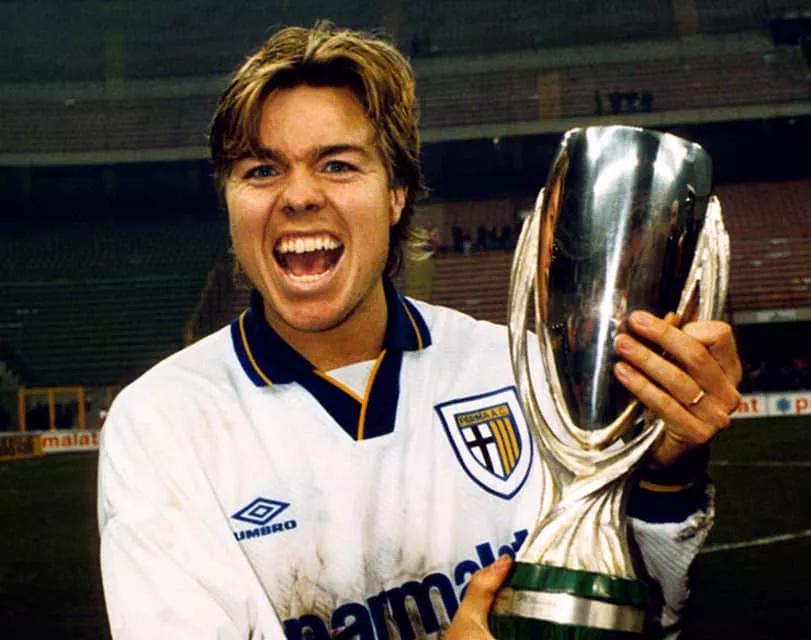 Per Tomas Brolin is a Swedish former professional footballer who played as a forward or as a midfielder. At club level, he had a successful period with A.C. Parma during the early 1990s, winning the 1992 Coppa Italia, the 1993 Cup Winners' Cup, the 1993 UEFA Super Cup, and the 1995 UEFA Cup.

───

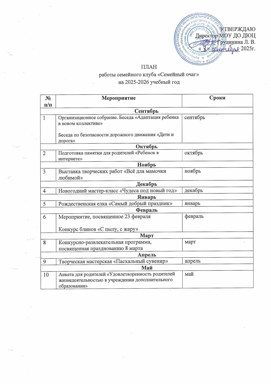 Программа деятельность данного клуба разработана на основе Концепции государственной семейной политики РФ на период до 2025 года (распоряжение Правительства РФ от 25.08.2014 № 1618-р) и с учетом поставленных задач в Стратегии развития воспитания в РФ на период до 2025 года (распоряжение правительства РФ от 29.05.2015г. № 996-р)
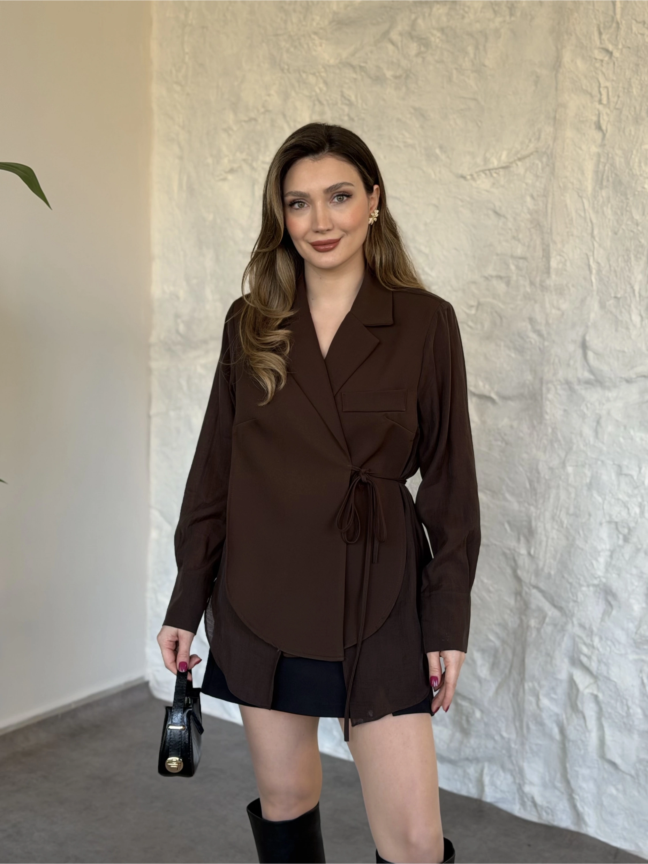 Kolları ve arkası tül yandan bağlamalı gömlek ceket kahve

───

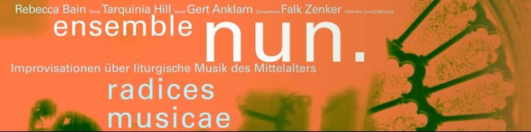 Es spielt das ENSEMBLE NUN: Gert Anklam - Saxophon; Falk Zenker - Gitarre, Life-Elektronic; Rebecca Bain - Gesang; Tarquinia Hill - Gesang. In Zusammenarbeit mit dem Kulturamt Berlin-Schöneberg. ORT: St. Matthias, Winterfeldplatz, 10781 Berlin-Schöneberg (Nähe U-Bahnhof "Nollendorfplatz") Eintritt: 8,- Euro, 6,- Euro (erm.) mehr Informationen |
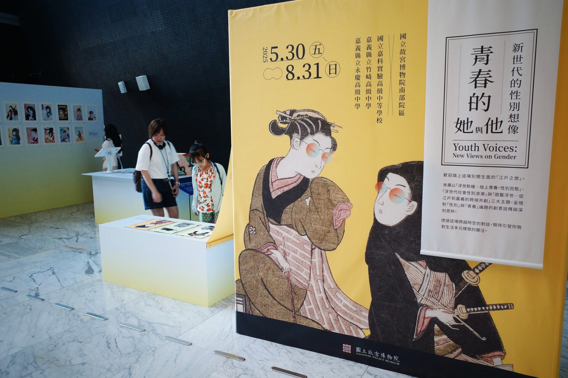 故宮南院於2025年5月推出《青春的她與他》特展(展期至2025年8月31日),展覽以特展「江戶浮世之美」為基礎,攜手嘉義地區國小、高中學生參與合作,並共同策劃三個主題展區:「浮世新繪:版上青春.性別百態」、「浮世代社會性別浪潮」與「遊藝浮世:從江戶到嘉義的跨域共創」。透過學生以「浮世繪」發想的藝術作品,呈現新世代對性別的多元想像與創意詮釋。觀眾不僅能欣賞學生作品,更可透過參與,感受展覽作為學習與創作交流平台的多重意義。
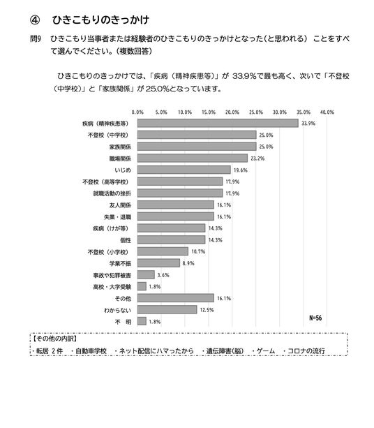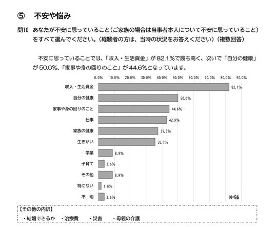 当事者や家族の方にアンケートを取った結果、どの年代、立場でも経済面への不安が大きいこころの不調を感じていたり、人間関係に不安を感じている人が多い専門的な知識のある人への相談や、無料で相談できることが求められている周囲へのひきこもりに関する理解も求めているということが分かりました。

───

**How to complete this task:**
Once the line with "故宮南院於2025年5月推出" is found above, transcribe each line from it through the line with "当事者や家族の方にアンケート", exactly, and omit the pictures.

**Result for this task:**
 故宮南院於2025年5月推出《青春的她與他》特展(展期至2025年8月31日),展覽以特展「江戶浮世之美」為基礎,攜手嘉義地區國小、高中學生參與合作,並共同策劃三個主題展區:「浮世新繪:版上青春.性別百態」、「浮世代社會性別浪潮」與「遊藝浮世:從江戶到嘉義的跨域共創」。透過學生以「浮世繪」發想的藝術作品,呈現新世代對性別的多元想像與創意詮釋。觀眾不僅能欣賞學生作品,更可透過參與,感受展覽作為學習與創作交流平台的多重意義。
 当事者や家族の方にアンケートを取った結果、どの年代、立場でも経済面への不安が大きいこころの不調を感じていたり、人間関係に不安を感じている人が多い専門的な知識のある人への相談や、無料で相談できることが求められている周囲へのひきこもりに関する理解も求めているということが分かりました。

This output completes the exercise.